Polisi Gerebek Pesta Sex Homo, Jaring 141 Pria

0
398
Sejumlah pria yang berhasil diamankan karena dugaan melakukan pesta sex sesama jenis. Foto: dok. Liputanaceh
Sejumlah pria yang  berhasil diamankan karena dugaan melakukan pesta sex sesama jenis. Foto: dok. Liputanaceh
Sejumlah pria yang berhasil diamankan karena dugaan melakukan pesta sex sesama jenis. Foto: dok. Liputanaceh

Jakarta | LA – Tim Gabungan Kepolisian dari Polres Jakarta Utara bersama Polsek Kelapa Gading, yang dipimpin AKBP Nasriyadi, melakukan penggerebekan terhadap sebuah tempat yang diduga melakukan aktivitas sex sejumlah pasangan pria yang disebut homo atau gay, di ruko Inkopol no 15 dan 16. Minggu 21 Mei 2017.
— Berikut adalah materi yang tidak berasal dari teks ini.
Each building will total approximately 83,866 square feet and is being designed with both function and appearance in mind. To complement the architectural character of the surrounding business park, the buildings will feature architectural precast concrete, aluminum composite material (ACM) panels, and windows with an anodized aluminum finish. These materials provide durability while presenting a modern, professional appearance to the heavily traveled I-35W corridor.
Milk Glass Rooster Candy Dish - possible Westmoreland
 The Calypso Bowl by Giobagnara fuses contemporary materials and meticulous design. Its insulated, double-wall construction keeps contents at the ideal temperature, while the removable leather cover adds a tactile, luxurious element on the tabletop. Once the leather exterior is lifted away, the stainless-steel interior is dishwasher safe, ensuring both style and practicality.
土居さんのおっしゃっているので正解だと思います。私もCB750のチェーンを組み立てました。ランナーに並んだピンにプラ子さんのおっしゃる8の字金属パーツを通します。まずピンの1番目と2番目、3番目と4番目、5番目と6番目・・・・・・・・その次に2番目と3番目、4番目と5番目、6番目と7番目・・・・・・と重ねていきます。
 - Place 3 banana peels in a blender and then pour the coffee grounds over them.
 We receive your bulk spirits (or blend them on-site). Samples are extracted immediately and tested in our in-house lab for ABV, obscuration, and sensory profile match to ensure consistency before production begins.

Penggerebekan tersebut dilakukan sekitar pukul 20.30 WIB. Dari hasil penggerebekan tersebut, pihak kepolisian berhasil menjaring sebanyak 141 orang pria yang diduga telah melakukan aktivitas hubungan sex sesama jenis.
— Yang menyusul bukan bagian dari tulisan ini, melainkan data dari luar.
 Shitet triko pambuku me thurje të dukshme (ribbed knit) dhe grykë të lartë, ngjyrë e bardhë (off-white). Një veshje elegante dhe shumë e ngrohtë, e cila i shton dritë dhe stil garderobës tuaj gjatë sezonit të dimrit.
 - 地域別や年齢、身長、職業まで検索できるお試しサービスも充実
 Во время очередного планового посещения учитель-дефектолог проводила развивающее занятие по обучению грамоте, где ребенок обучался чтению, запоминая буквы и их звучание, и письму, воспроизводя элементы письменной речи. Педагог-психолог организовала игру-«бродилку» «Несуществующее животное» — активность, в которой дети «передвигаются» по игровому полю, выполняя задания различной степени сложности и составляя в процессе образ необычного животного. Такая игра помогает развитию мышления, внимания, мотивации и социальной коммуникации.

Kejadian penggerebekan ini terjadi di PT. Atlantis Jaya Ruko Kokan Permata Blok B 15-16 Kelapa Gading RT. 15 RW. 03, Kelapa Gading Barat, Jakarta Utara.

Sementara saat ini sejumlah orang yang berhasil diamankan pihak kepolisian setempat, sedang menjalani proses pemeriksaan terhadap dugaan pesta terlarang tersebut.

Menurut Kasat Reskrim Polres Jakarta Utara, AKBP. Nasriadi yang menjadi pimpinan tim pada saat operasi itu dilakukan, mengatakan bahwa para tamu yang masuk ketempat tersebut harus membayar sebesar Rp. 185 ribu/orang. Setelah itu, mereka dapat dengan bebas menggunakan fasilitas fitness di lantai satu. sedangkan di lantai 2 terdapat striptease dengan jumlah empat exhibisioner.

Tersangka yang diduga menyediakan usaha sebagai tempat pornografi, kemungkinan akan dijerat Pasal 30 Jo Pasal 4 Ayat 2 UU Pornografi. Saat ini penyidik dari polisi telah melakukan pengamanan terhadap para tersangka ke Mako Polres Jakarta Utara.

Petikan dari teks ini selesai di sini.